* [Exercise] Exclude the images, then return every line below exactly as written.
▼
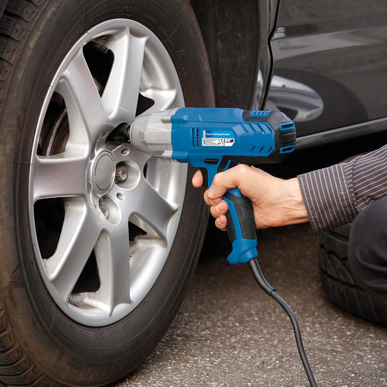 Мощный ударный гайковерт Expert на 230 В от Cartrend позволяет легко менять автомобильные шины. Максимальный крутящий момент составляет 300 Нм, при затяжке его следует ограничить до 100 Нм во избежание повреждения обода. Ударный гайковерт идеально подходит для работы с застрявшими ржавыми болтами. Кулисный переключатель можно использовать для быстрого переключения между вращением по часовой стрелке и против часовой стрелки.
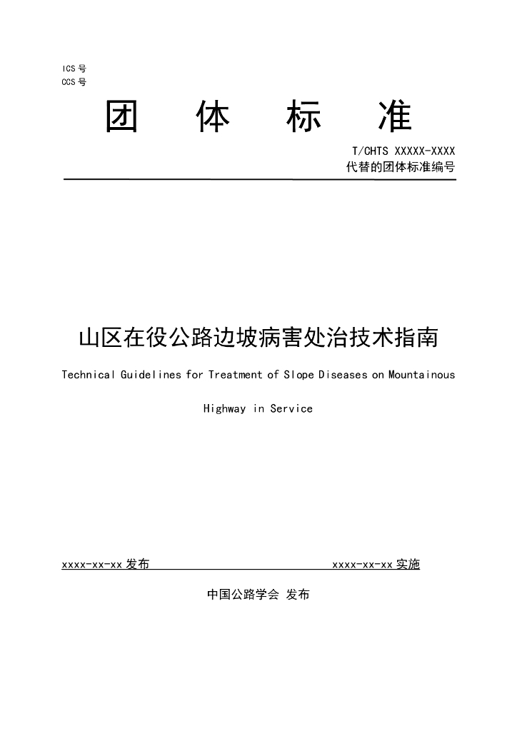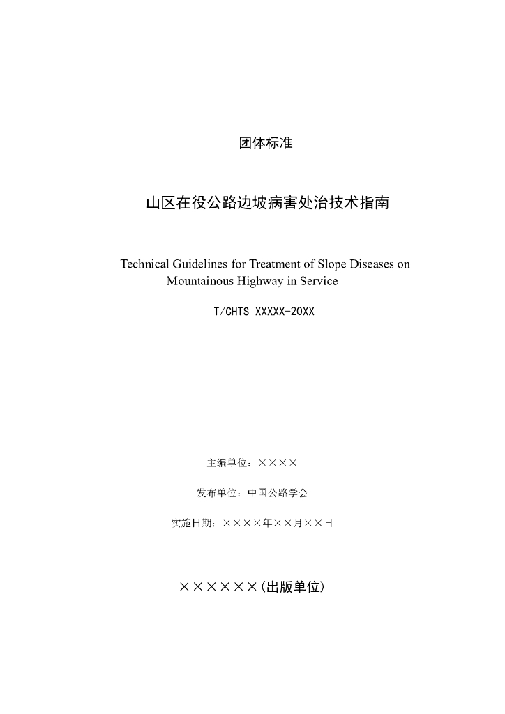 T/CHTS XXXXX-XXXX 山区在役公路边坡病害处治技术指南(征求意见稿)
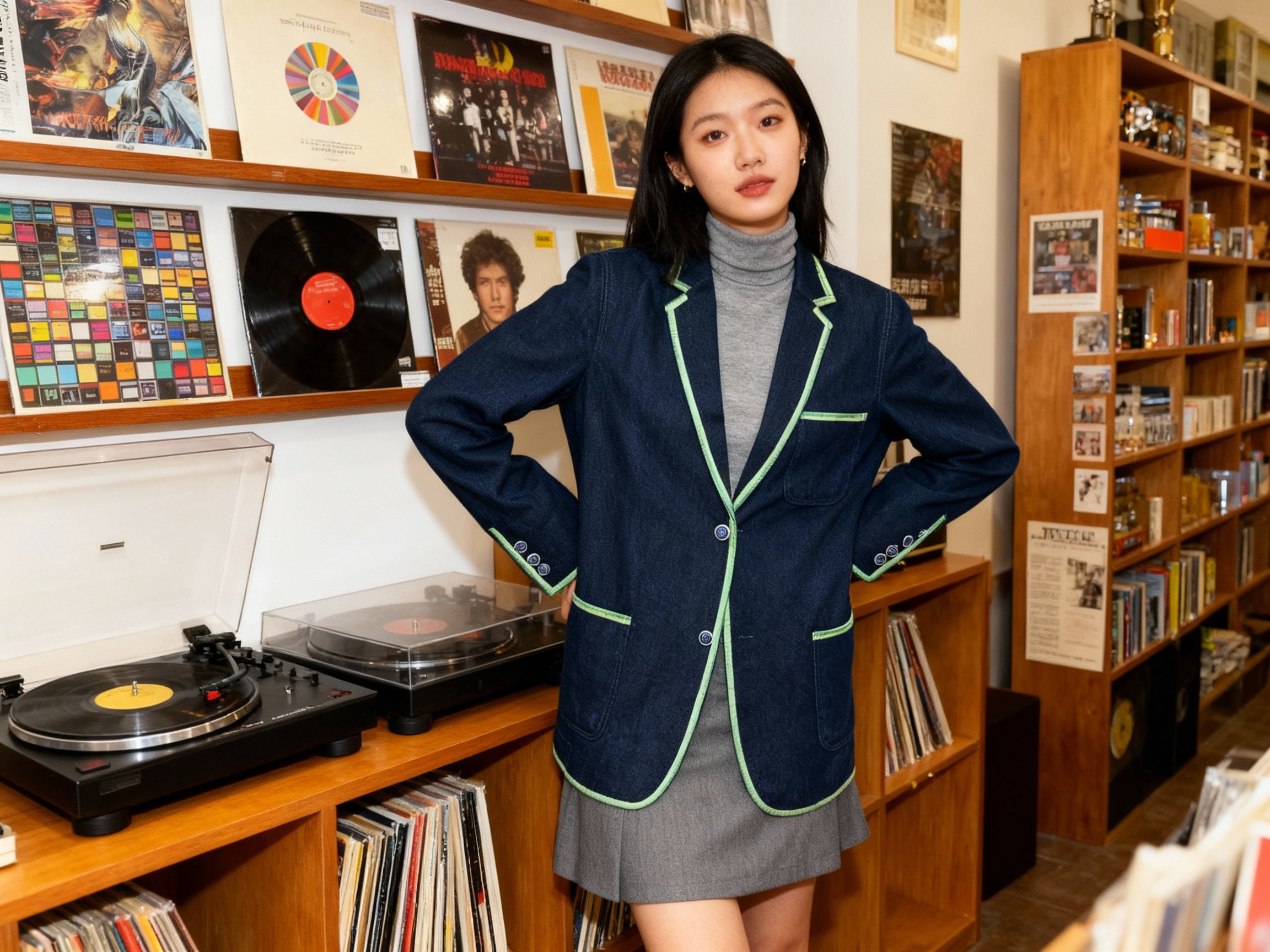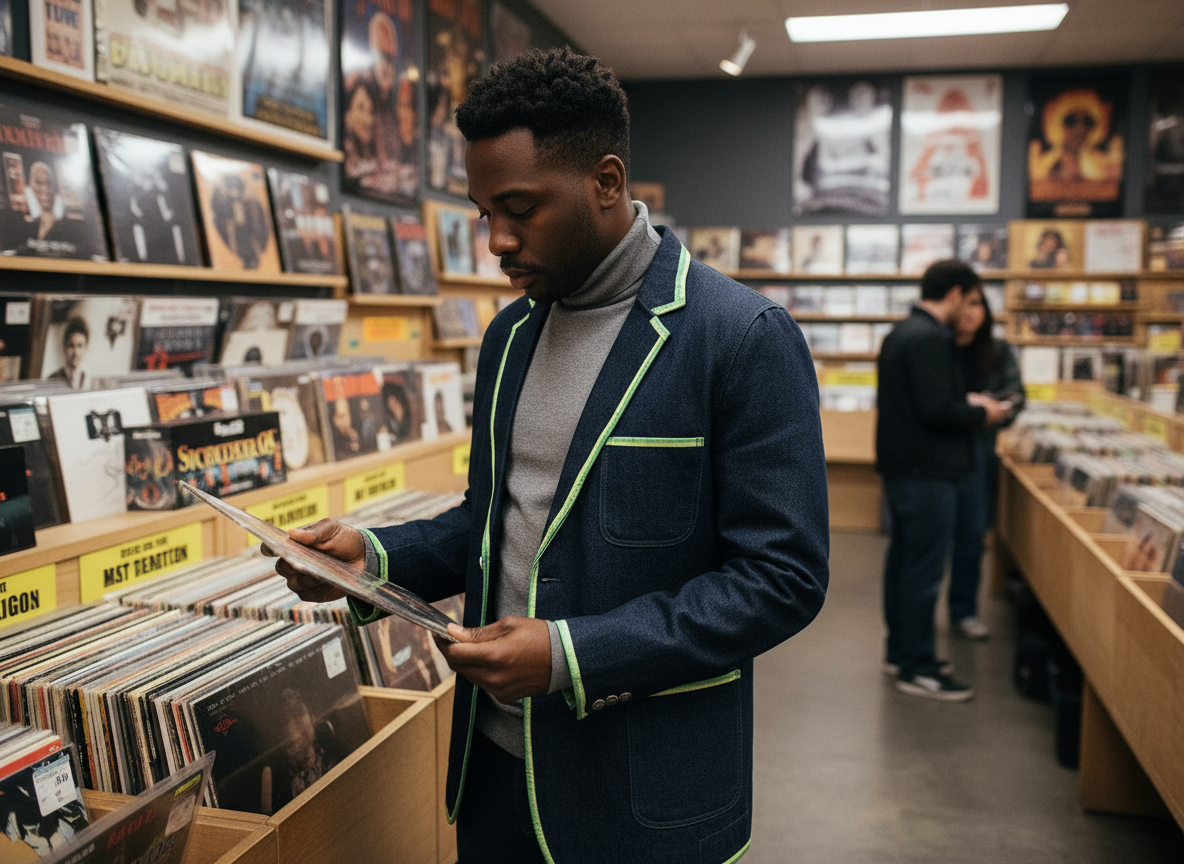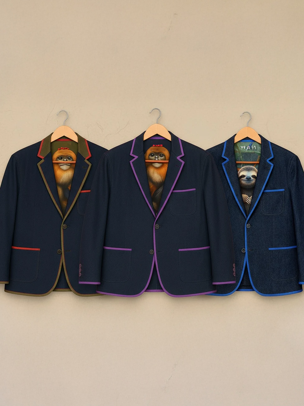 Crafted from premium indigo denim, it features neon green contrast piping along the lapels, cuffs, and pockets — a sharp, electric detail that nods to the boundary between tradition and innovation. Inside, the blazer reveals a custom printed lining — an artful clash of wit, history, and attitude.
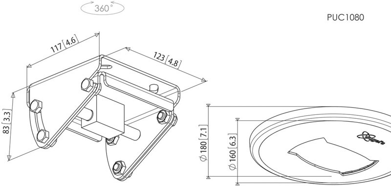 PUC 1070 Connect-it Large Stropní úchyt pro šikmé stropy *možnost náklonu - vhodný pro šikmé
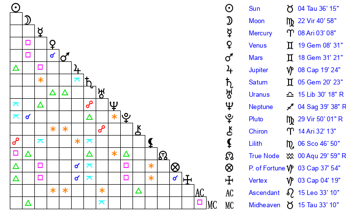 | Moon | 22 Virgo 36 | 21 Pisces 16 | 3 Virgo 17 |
▲
* [Solved problem]
 Мощный ударный гайковерт Expert на 230 В от Cartrend позволяет легко менять автомобильные шины. Максимальный крутящий момент составляет 300 Нм, при затяжке его следует ограничить до 100 Нм во избежание повреждения обода. Ударный гайковерт идеально подходит для работы с застрявшими ржавыми болтами. Кулисный переключатель можно использовать для быстрого переключения между вращением по часовой стрелке и против часовой стрелки.
 T/CHTS XXXXX-XXXX 山区在役公路边坡病害处治技术指南(征求意见稿)
 Crafted from premium indigo denim, it features neon green contrast piping along the lapels, cuffs, and pockets — a sharp, electric detail that nods to the boundary between tradition and innovation. Inside, the blazer reveals a custom printed lining — an artful clash of wit, history, and attitude.
 PUC 1070 Connect-it Large Stropní úchyt pro šikmé stropy *možnost náklonu - vhodný pro šikmé
 | Moon | 22 Virgo 36 | 21 Pisces 16 | 3 Virgo 17 |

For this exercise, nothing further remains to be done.